Return all the data exactly, keeping the pictures out.

DATASET EXCERPT —
*** Block opens ***

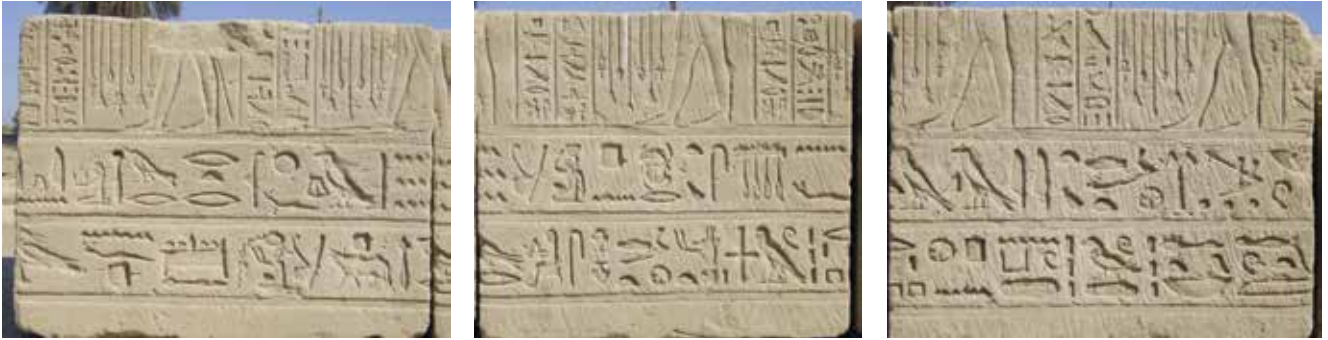
A. Salle XVI. Paroi est. Inscriptions 70-77.
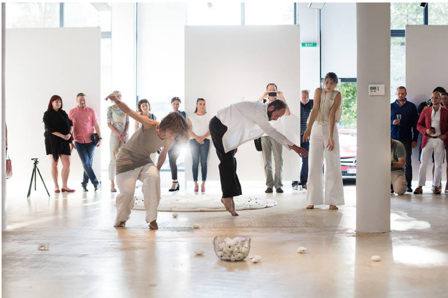
Performance k výstavě A. Klimešové „Takto to už nebude“.
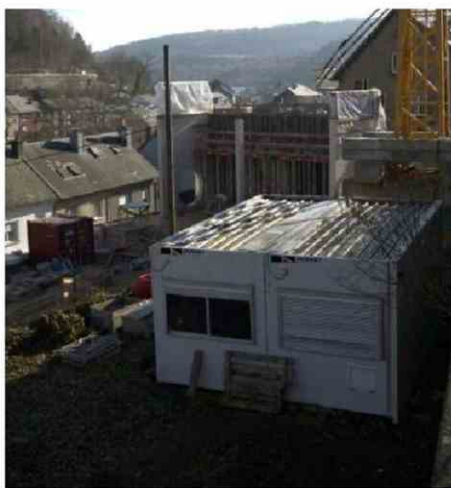
Das im Bau befindliche Nebengebäude des Albert-Hames-Hauses in der Rümelinger rue de la Bruyère

*** Block closes ***

ANSWER —
A. Salle XVI. Paroi est. Inscriptions 70-77.
Performance k výstavě A. Klimešové „Takto to už nebude“.
Das im Bau befindliche Nebengebäude des Albert-Hames-Hauses in der Rümelinger rue de la Bruyère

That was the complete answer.